A few days ago, I came across a Centos 8 32-bit distro and I felt the desire to test it on an old 32-bit machine. After booting I realized that it had a bug and it was losing the network connection, which I had to turn “up” manually every time after boot. So, the question was how could I set a script doing this job, running every time I boot my machine?
Well, this is very simple and I’ll show you the system way using service units. But first a small introduction to service units.
In this article, I’m going to explain what a “service unit” in systemd is, and how easy is to create and run one. I will try to simplify what “targets” are, why we call them “collections of units” and what are their “wants”. Finally, we are taking advantage of a service unit to run our own script after the boot procedure.
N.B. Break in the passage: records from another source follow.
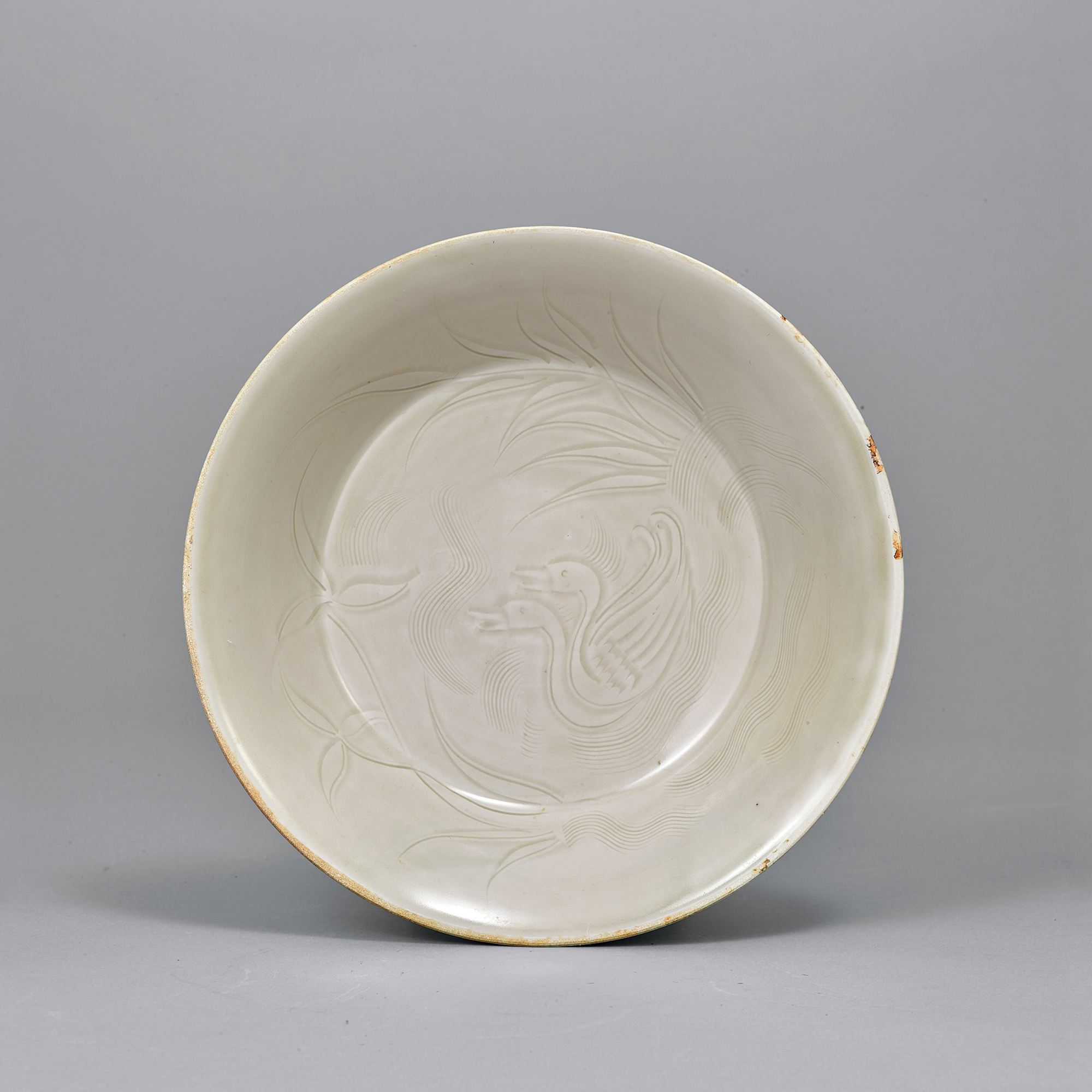 此件定窯白瓷劃花畫“荷塘雙鴨”紋盤為典型的宋代精品之作。其刻畫雙鴨圖,鴨紋生動傳神,栩栩如生。雙鴨戲水,蘆葦隨風飄逸,雖寥寥數筆,卻簡繁得當,雙鴨刻畫的極其細膩,輕盈的浮在水上,有呼之欲出之勢。寬刃的雕刀作斜刀與回鋒變化,快速的呈現畫筆提捺勾描般的線條;又善於利用梳箆般的多岔工具,在主紋飾間劃出平行流暢的複數線條,增加花葉的豐滿,或水波的流動。是一件不可多得的定窯佳品。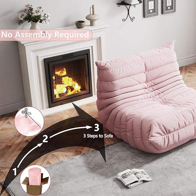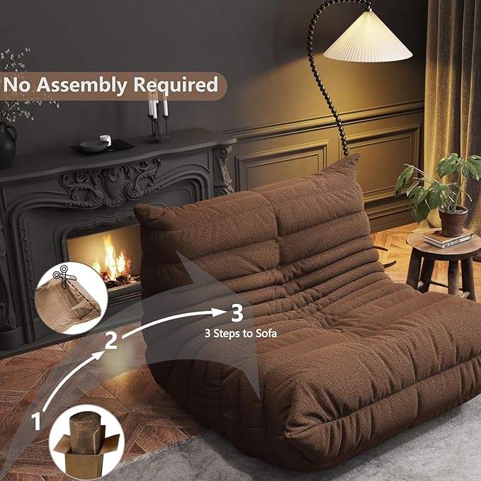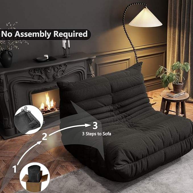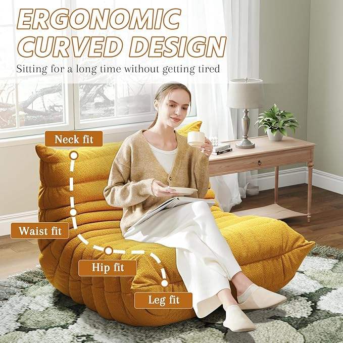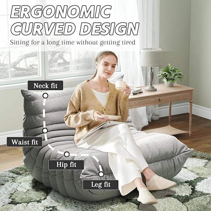 Bean Bag Chairs for Adults Foam Couch Single Sofa Chair, Soft Comfy Reading Nook Chairs, Floor Chair for Living Room Office Grey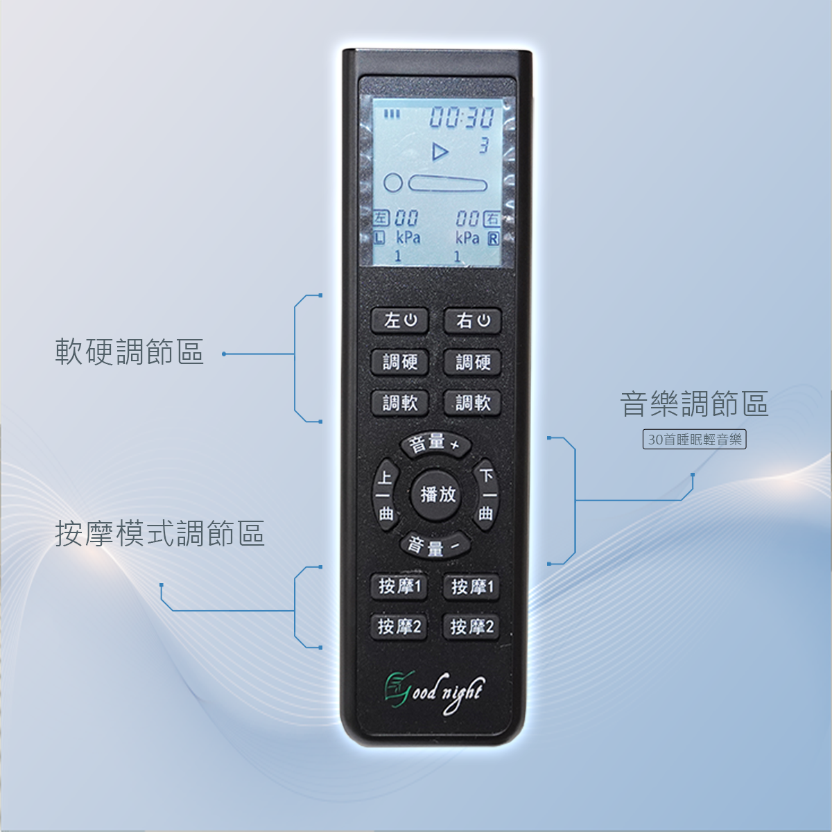 遙控器採用三區設計,輕鬆實現軟硬調節、睡眠音樂控制以及模式切換功能。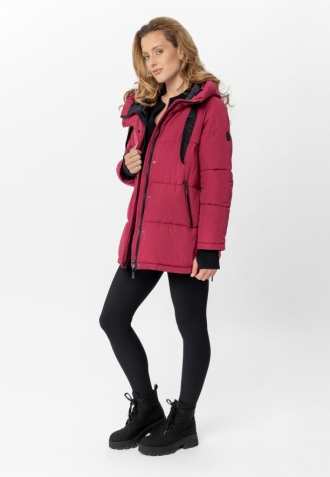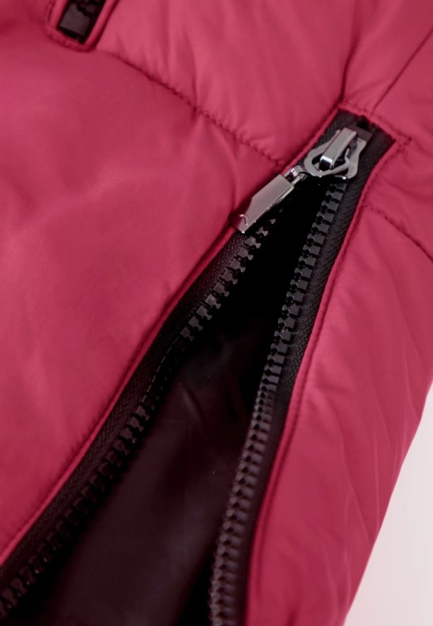 Prošívaná bunda v růžové barvě je vybavena dvěma praktickými bočními kapsami, které jsou se zapínáním na zip, což umožňuje bezpečné uložení drobných předmětů. Další předností jsou boční zipy, které umožňují regulaci šířky bundy, přizpůsobujíc ji individuálním potřebám a postavě. Komfort nošení zvyšují také elastické a delší vnitřní manžety, které dokonale chrání před chladem a zabraňují vyhrnování rukávů.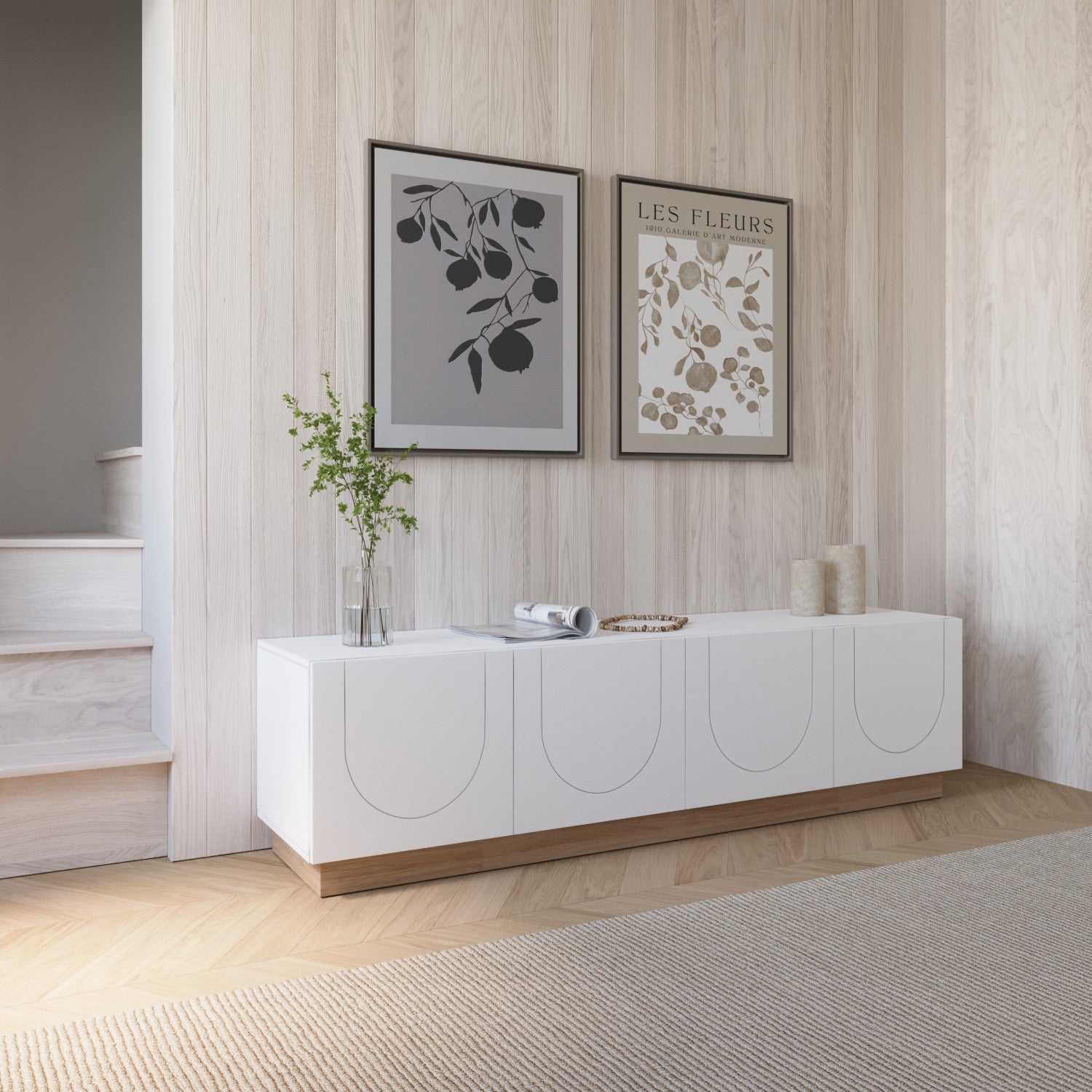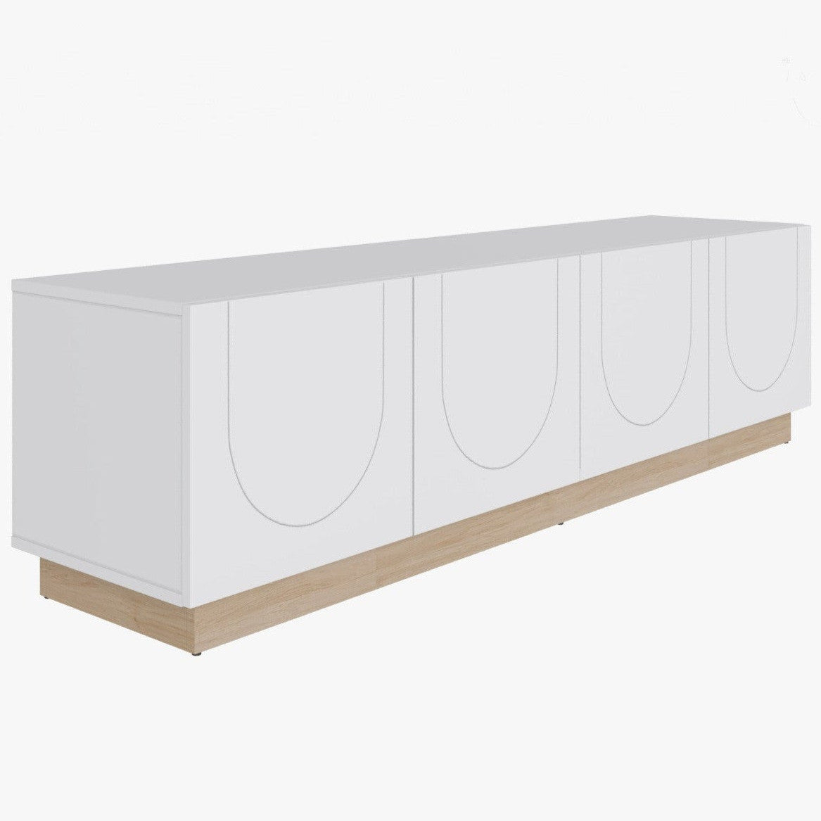 Meuble Tv Moderne Frances Avec 4 Portes, Blanc Laque Brillant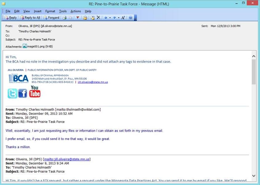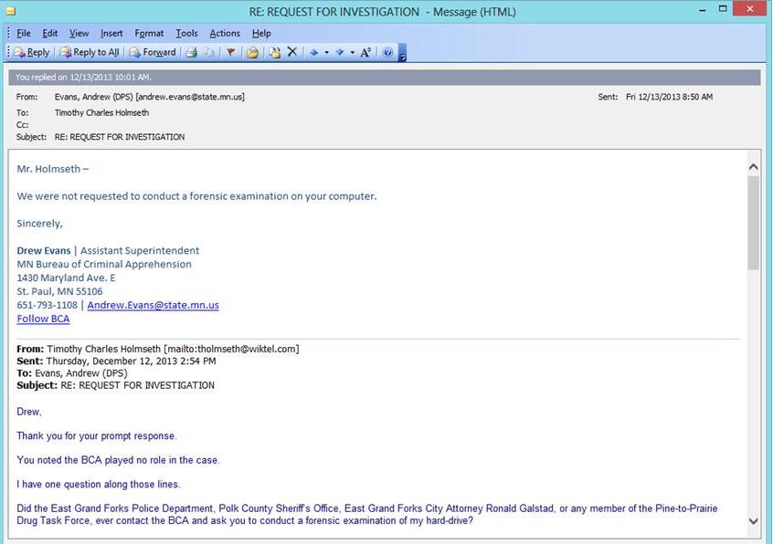Drew Evans, superintendent, BCA, said the BCA played no role in the operation and knew nothing about it. “Mr. Holmseth – we were not asked to conduct a forensic examination of your computer,” Evans said in a 2013 email.

It’s obvious that your computer is useful due to the services it offers and in order to have this functionality, many services have to be called as the computer boots and reaches different levels.
Other services are called to be executed when the computer reaches, for example, the rescue level (runlevel 0) and others when it reaches the multi-user level (runlevel 3). You can imagine these levels as targets.
In a simple way, target is a collection of service units. If you want to have a look at service units running in your graphical.target level, type:
# systemctl --type=service
As you can see some services are active and “running” all the time, while others run one-time and terminate (exited).
If you want to check the status of a service, you can use systemctl command as shown.
# systemctl status firewalld.service
As you can see I checked the status of
firewalld.service (tip: you can use the auto-complete for the name of the service). It informs me that firewalld service is running all the time and it is enabled.
Enabled and disabled means the service will be permanently loaded or not, during the next boot respectively. On the other hand, to start and stop a service has the limitation of the present session and it’s not permanent.
For example, if you type:
# systemctl stop firewalld.service # systemctl status firewalld.service
You can see that the
firewalld.service is inactive (dead) but it is still enabled, which means that during the next boot it will be loaded. So if we want a service to be loaded during boot time in the future we must enable it. What a great conclusion! Let’s create one, it’s easy.
If you go to the folder:
# cd /etc/systemd/system # ls -l
You can see some link files of unit services and some directories of the “wants” of a target. For example, what the multi-user target wants to be loaded when the boot procedure reaches its level, is listed in the directory with name /etc/systemd/system/multi-user.target.wants/.
# ls multi-user.target.wants/
As you can see it doesn’t contain only services but also other targets which are also collections of services.
Let’s make a service unit with the name connection.service.
# vim connection.service
and type the following (hit
“i” for insert mode), save it, and exit (with
“:wq!” ) :
[Unit] Description = making network connection up After = network.target [Service] ExecStart = /root/scripts/conup.sh [Install] WantedBy = multi-user.target
To explain the above: we have created a unit of service type (you can also create units of target type), and we have set it to be loaded after the network.target (you can understand that the booting procedure reaches the targets with a defined order) and we want every time the service starts to execute a bash script with the name conup.sh which we are going to create.
The fun starts with the last part [install]. It tells that it will be wanted by “multi-user.target”. So if we enable our service a symbolic link to that service will be created inside the multi-user.target.wants folder! Got it? And if we disable it that link will be deleted. So simple.
Just enable it and check:
# systemctl enable connection.service
It informs us that the symbolic link in the multi-user.target.wants folder has been created. You can confirm by running ls command as shown.
# ls multi-user.target.wants/
As you can see “connection.service” is ready for the next booting, but we must create the script file first.
# cd /root # mkdir scripts # cd scripts # vim conup.sh
Add the following line inside Vim and save it:
#!/bin/bash nmcli connection up enp0s3
The nmcli command to bring up the network connection for the enp0s3 interface.
Of course, if you want your script to execute something else, you could type whatever you want instead of the second line.
#!/bin/bash touch /tmp/testbootfile
that would create a file inside /tmp folder (just to check that your service is working).
We must also make the script executable by running chmod command as shown.
# chmod +x conup.sh
Now we are ready. If you don’t want to wait until the next boot (it’s already enabled) we can start the service for the current session by typing:
# systemctl start connection.service
Voila! My connection is up and running!
If you’ve chosen to write the command “touch /tmp/testbootfile” inside the script, just to check its functionality, you will see this file created inside /tmp folder.
I really hope to help you figure out what services, wants, targets, and running scripts during booting is all about.